Sur la table blanche, les anneaux semblent identiques — jusqu’à ce que l’œil ajuste sa distance. La variation ne tient pas à un motif nouveau, mais à une question de proportion. Chez la Maison Boucheron, la collection Quatre ne change pas de langage : elle change d’échelle.
En 2026, la Maison introduit Quatre XS, une déclinaison plus fine que la version Small, tout en conservant l’architecture d’origine . L’enjeu n’est pas esthétique au sens décoratif ; il est structurel. Réduire une bague composée de quatre anneaux distincts — chacun travaillé séparément puis assemblé — implique de maintenir une précision au centième de millimètre, sous peine de désalignement . La miniaturisation devient ici un exercice de rigueur.
La collection Quatre repose sur quatre codes formels identifiés, tous issus des archives de la Maison. Le Grosgrain, inspiré d’un tissu de soie côtelé, renvoie à l’héritage textile du père de Frédéric Boucheron, marchand drapier dans les années 1860 . Le Clou de Paris, introduit en 1911, reprend la géométrie des pavés de la place Vendôme, où la Maison s’installe dès 1893 . La ligne de diamants, présente depuis 1892, repose sur un serti miroir destiné à amplifier la réflexion de la lumière.
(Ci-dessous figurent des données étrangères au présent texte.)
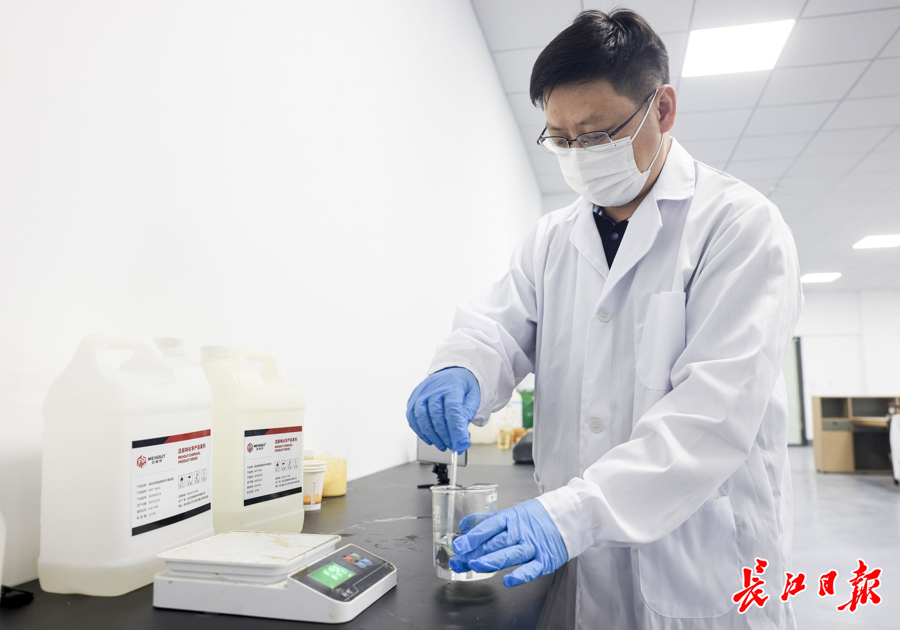 实验室中,迈郝特市场研发总监汪源用两种不同的原料调制的“隧道胶水”刚性环氧树脂。记者 胡冬冬 摄

Enfin, le Double Godron, motif bombé d’inspiration architecturale, apparaît dès les années 1860 et associe deux anneaux en une seule forme .
Ces quatre éléments ne sont pas juxtaposés ; ils sont assemblés selon une séquence précise, puis comprimés dans une largeur réduite. Le document précise qu’un « clic » final, produit par une presse mécanique, scelle l’assemblage . Ce détail sonore, presque invisible dans la communication, dit pourtant l’essentiel : la bague n’est pas un volume monobloc, mais une construction.
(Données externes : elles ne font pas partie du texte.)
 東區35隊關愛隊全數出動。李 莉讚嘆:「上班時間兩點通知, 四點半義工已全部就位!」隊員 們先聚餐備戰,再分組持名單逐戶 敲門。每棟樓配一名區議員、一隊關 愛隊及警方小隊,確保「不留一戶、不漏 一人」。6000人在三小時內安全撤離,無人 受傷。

La réduction de taille introduit un autre usage. Plus fine, la bague XS facilite l’accumulation — ce que la campagne met en avant à travers des jeux de superposition et de mix & match portés par Daisy Edgar-Jones, Han So-hee et Dilan Çiçek Deniz . Le geste change : on ne porte plus un signe unique, mais une combinaison.
Autour de cette pièce centrale, la Maison développe plusieurs extensions. La Quatre Radiant Edition, en or blanc pavé de diamants, décline les motifs à travers différentes tailles de pierre — ronde, baguette, princesse — appliquées respectivement aux différents codes . Un bracelet tubulaire, introduit en 2025, poursuit cette logique en transposant la structure circulaire dans un volume continu.
Depuis 2004, date de lancement de Quatre Classique, la collection évolue par ajouts successifs — White Edition, Black Edition, Radiant Edition, puis XS en 2026 — sans modifier son architecture fondamentale, comme le montre la chronologie présentée page 10 du dossier . Une constance rare : celle d’un système formel capable d’absorber des variations sans se fragmenter.
Réduire, ici, ne signifie pas simplifier. Cela consiste à maintenir une tension entre quatre motifs historiques, quatre techniques, quatre surfaces — dans un espace plus contraint. Une bague plus fine, mais une structure intacte.